- **REQUIREMENT**: Give back only the lines in the records below from the one with "毎回大きな盛り上がりを見せるプレイヤーズコミュニケーションイベント第11弾! START 17:00" to the one with "3年生は、風の強さと風の力で", both inclusive, word for word.

- **RECORDS FOR THIS EXERCISE**:

++++++++

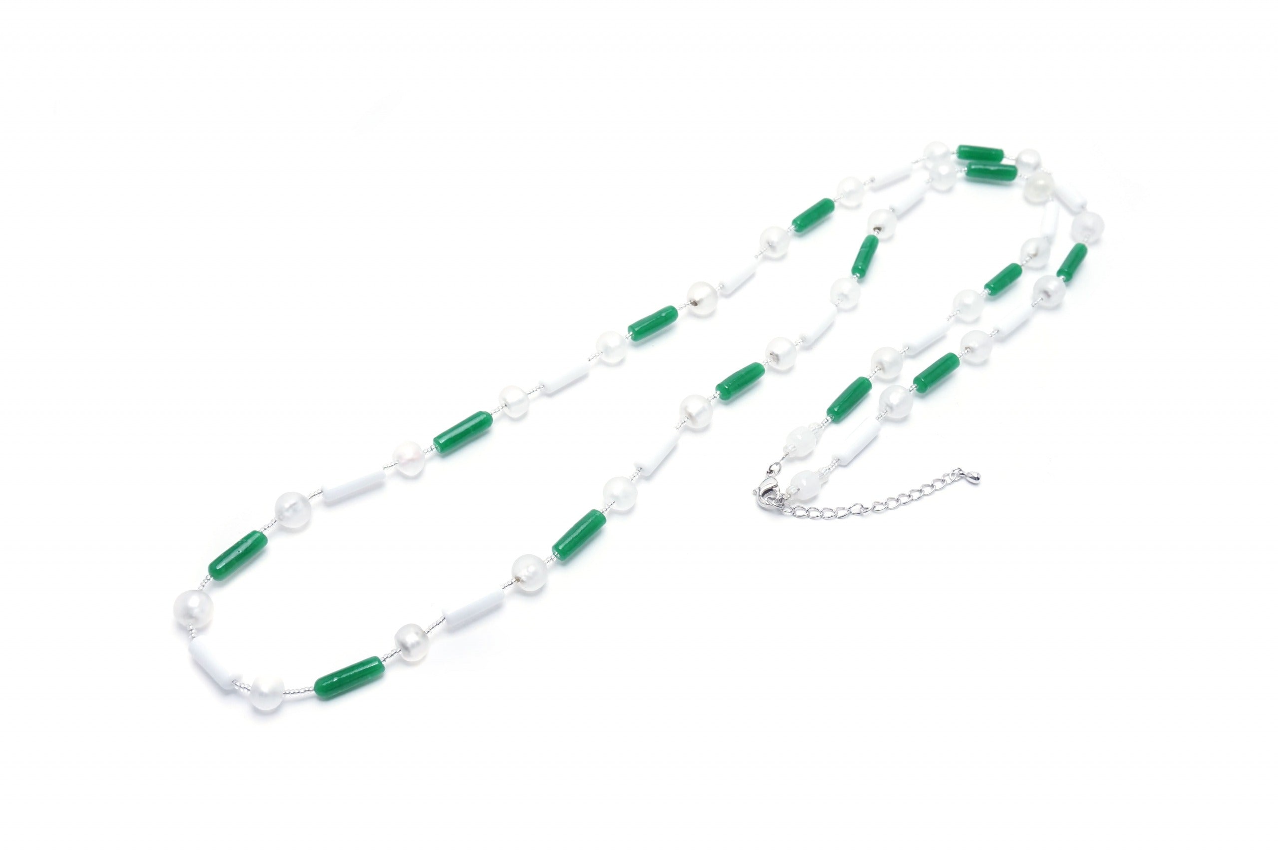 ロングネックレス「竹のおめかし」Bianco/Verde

++++++++

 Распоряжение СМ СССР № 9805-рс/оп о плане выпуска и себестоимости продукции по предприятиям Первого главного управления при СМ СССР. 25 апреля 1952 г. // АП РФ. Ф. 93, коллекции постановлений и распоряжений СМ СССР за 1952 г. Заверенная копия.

++++++++

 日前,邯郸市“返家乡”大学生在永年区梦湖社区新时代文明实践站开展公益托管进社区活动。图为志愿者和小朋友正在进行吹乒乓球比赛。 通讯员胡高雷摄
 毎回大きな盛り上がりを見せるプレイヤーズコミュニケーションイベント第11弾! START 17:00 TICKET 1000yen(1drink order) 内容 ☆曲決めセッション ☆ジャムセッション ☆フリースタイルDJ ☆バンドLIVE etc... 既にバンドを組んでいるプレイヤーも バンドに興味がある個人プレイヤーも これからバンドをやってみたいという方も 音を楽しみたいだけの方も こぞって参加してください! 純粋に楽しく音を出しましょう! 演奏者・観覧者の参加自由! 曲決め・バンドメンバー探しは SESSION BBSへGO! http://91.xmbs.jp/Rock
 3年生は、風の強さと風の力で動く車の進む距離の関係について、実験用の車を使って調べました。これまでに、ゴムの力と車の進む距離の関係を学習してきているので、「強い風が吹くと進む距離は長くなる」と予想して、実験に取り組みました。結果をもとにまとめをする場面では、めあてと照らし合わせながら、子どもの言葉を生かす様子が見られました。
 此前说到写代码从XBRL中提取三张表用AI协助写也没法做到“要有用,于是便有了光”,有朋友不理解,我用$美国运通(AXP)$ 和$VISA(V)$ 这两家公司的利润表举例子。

++++++++

- **SOLVED EXERCISE**:
 毎回大きな盛り上がりを見せるプレイヤーズコミュニケーションイベント第11弾! START 17:00 TICKET 1000yen(1drink order) 内容 ☆曲決めセッション ☆ジャムセッション ☆フリースタイルDJ ☆バンドLIVE etc... 既にバンドを組んでいるプレイヤーも バンドに興味がある個人プレイヤーも これからバンドをやってみたいという方も 音を楽しみたいだけの方も こぞって参加してください! 純粋に楽しく音を出しましょう! 演奏者・観覧者の参加自由! 曲決め・バンドメンバー探しは SESSION BBSへGO! http://91.xmbs.jp/Rock
 3年生は、風の強さと風の力で動く車の進む距離の関係について、実験用の車を使って調べました。これまでに、ゴムの力と車の進む距離の関係を学習してきているので、「強い風が吹くと進む距離は長くなる」と予想して、実験に取り組みました。結果をもとにまとめをする場面では、めあてと照らし合わせながら、子どもの言葉を生かす様子が見られました。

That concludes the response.